Ela tremia e estava toda molhada. Então, agindo rápido, ele pegou o seu casado para cobri-la e colocou mais galhos na fogueira.

- Você está bem? – ele perguntou.

- Tudo bem. – ela respondeu com uma voz fraca.

O dragão a encarou por um tempo. Nunca a ouvira falando naquele tom, totalmente contrário a sua personalidade forte. Mas só conseguiu chegar à conclusão de que ela deveria estar cansada e faminta, e então aconselhou:

- Não se esforce tanto.

- Se não nos esforçarmos não iremos sobreviver! – ela respondeu grossa e irritada.

Agora, ele via que não era somente fome e cansaço. Mary agia como alguém que estava a ponto de desistir.

***

Mesmo depois de escurecer, a chuva ainda caia. Dentro da caverna, cada um em seu canto, Mary e Doumajyd se limitavam a olhar para as chamas do fogo, sozinhos com seus próprios pensamentos.

- O que estamos fazendo? – Mary quebrou o silêncio, pensando alto – Tivemos problemas desde o início e agora isso... É como se fosse um erro estarmos juntos, porque nada dá certo...

- Por que diz isso? – resmungou Doumajyd.

- Só para começar, – ela continuou, mantendo aquele tom de voz sem emoção – se aquela tiara não tivesse existido, não estaríamos presos aqui.

Doumajyd olhou para ela, não acreditando no que ouvia:

- Está falando sério?

Ela ficou em silêncio por um tempo, e então disse:

- Realmente nossos valores são diferentes...

- O quê?

- Se nos casarmos, vamos sempre estar juntos... Mas se, mesmo agora, não conseguimos que as coisas dêem certo, como vamos conseguir que elas melhorem depois?
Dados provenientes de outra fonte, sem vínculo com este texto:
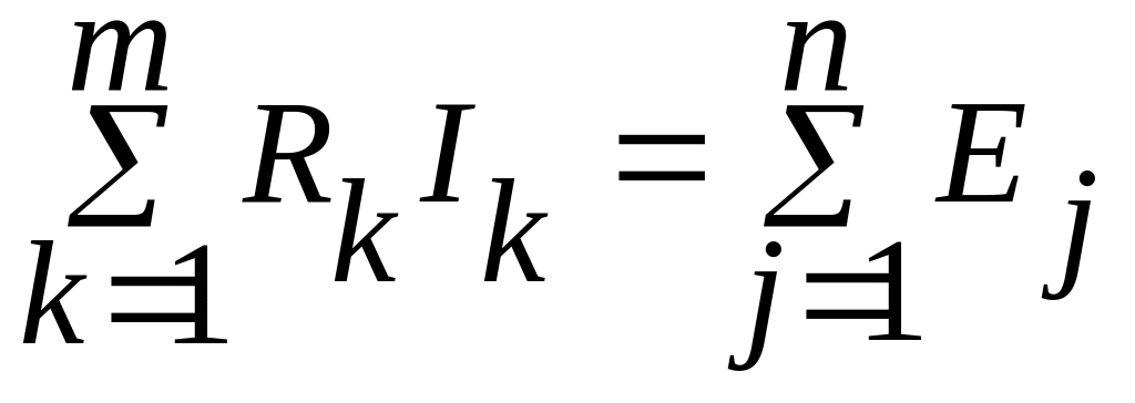 Второй закон Кирхгофа. В любом контуре электрической цепи алгебраическая сумма напряжений на сопротивлениях, входящих в этот контур, равна алгебраической сумме ЭДС контура:

- Se tiver que dar certo, vai dar certo! – ele respondeu, irritado com o jeito negativo dela.

Então se levantou, pegou um casaco e o vestiu dizendo, no seu tom de líder dos dragões:

- Eu não tenho nenhuma dúvida sobre passar o resta da minha vida com você! – e saiu na chuva, pisando furioso pelas poças d’água.